Sitharaman's decision to merge 10 banks into four may be riddled with leadership
and decision-making challenges

Finance minister Nirmala Sitharaman’s mega bank-merger plan, if successful, will


see 10 government-owned banks being merged into four. Only 13 such banks will now
exist instead of 27.

In the new move, Oriental Bank and United Bank is to merge with the Punjab National
Bank, Canara Bank with Syndicate Bank, Union Bank of India and Andhra Bank with
Corporation Bank, and Indian Bank with Allahabad Bank. The belief is simple: Big
banks can lend effectively, mobilise deposits efficiently and meet priority sector
lending norms better.

But experts say Sitharaman has only announced what P Chidambaram sought to do
through his push for a bank consolidation in 2011-12, when he was finance minister.

“The government only appears to be showing that it is doing something. This reform
is no different from what Chidambaram had proposed. It's just that it's being done
on a massive scale. This government announces these measures with grand plans which
tend to wreck the economy—whether it be demonetisation, GST or these reforms,” says
Hemindra Hazari, an independent banking analyst.

In the second term, the Narendra Modi-led government has severe economic headaches
to deal with: The economy has slowed to a six-year-low of 5 percent for Q1FY20,
employment is still not being created and consumption has dropped off.

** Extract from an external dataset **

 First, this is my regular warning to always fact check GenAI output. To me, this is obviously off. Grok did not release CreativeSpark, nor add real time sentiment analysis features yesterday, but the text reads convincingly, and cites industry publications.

The merger
is Sitharaman’s way of pushing for big reforms.

But the mergers will be tricky and are unlikely to aid growth. “The consolidation
would limit downside to stressed public-sector bank (PSB) balance sheets and not
lead to any meaningful upside for credit growth in the near term,” says Avneesh
Sukhija, senior analyst (financial services and real estate) at BNP Paribas in
India. “Small PSBs with diminishing brand value will now be subsumed in the merged
entity and hence won’t require a bailout from the RBI or the government.”

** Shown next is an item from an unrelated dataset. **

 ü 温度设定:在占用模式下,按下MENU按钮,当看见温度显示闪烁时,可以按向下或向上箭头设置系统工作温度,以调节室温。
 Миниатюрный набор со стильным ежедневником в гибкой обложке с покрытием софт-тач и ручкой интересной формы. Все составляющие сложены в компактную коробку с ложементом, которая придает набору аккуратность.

ICRA’s vice president and financial sector head Anil Gupta says, “In the near term,
the integration issues such as realignment of organisation structure, redeployment
of staff members across various branches and verticals among the merging banks may
occupy the management bandwidth. This may impact decision-making and credit flow.”

BNP’s Sukhija believes that the merger is neutral for two anchor banks—PNB and
Union Bank, stronger for Canara Bank and weaker for Indian Bank. ICRA’s Gupta also
sees an integration challenge for Indian Bank with Allahabad Bank due to
differences in its geographies and work culture. A similar challenge will be faced
by Union Bank too.

Technology was at the forefront of the merger plan and banks with common platform
are to be merged. Fair point. Despite this, each bank has different internal
banking processes that need to be realigned. This was a sticky issue with the State
Bank of India (SBI)-associate banks’ merger.

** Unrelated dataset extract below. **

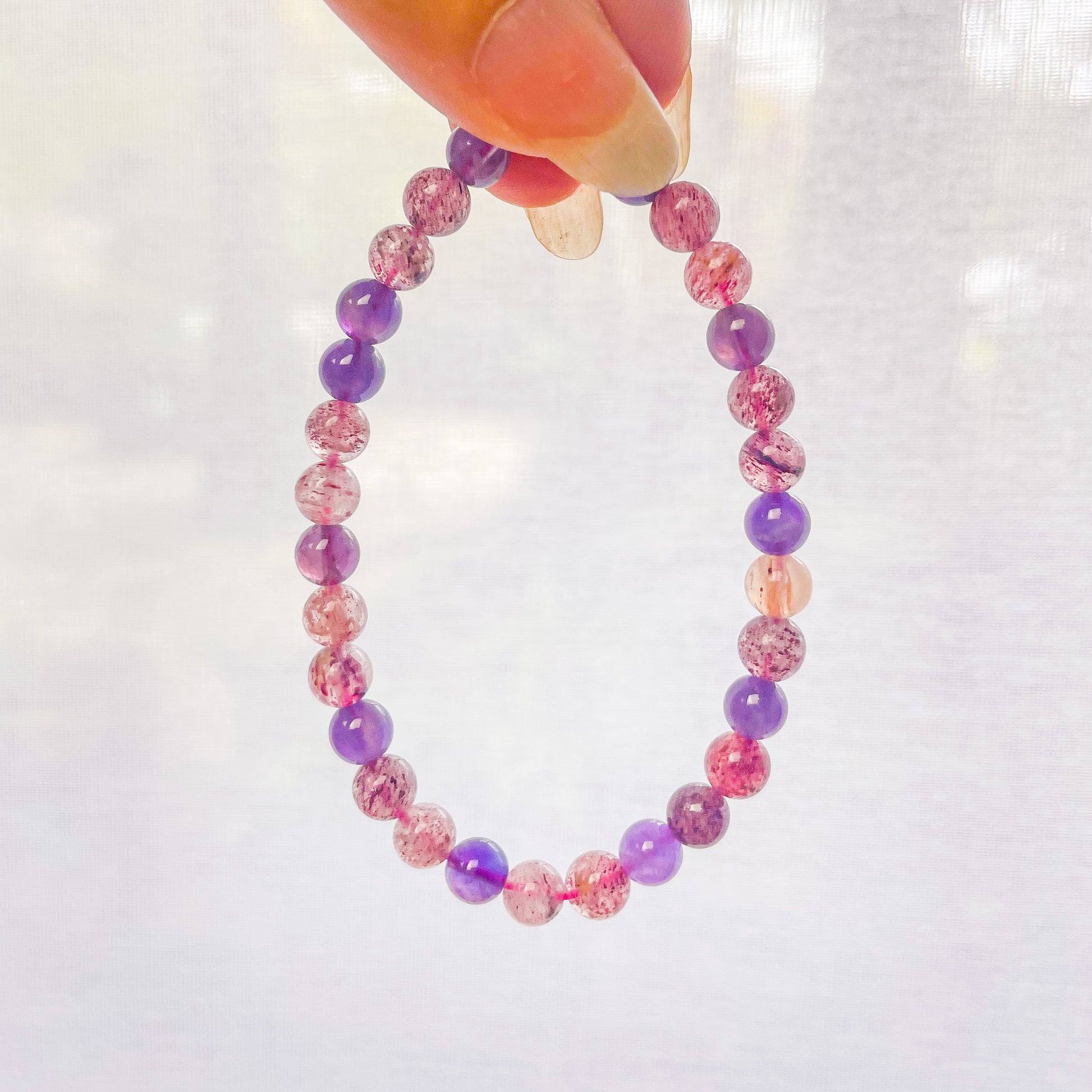 Beautiful super seven pink and purple coloured crystal bead bracelet great for her.

What got the government so confident that mega-bank mergers can work? In recent
years, India has seen three bank mergers with varying success; ING Vysya with Kotak
Mahindra in 2015; SBI’s five associates and Bharatiya Mahila Bank with parent SBI
in 2016-17 and Vijaya Bank and Dena Bank with Bank of Baroda.

The Kotak-ING merger worked well. SBI’s merger had hiccups which finally saw post-
merger staff strength at 278,872, after around 3,600 people took VRS. So, in these
new mergers, while Sitharaman has promised that there will be no retrenchments,
administrative branches will be rationalised and VRSs offered. The biggest
challenge for the mergers could stem from this as well as creating a leadership
structure.

Says Hazari: “On an excel sheet or from an accounting purpose, mega-mergers seem to
be neat and tidy, but in practice they are messy.”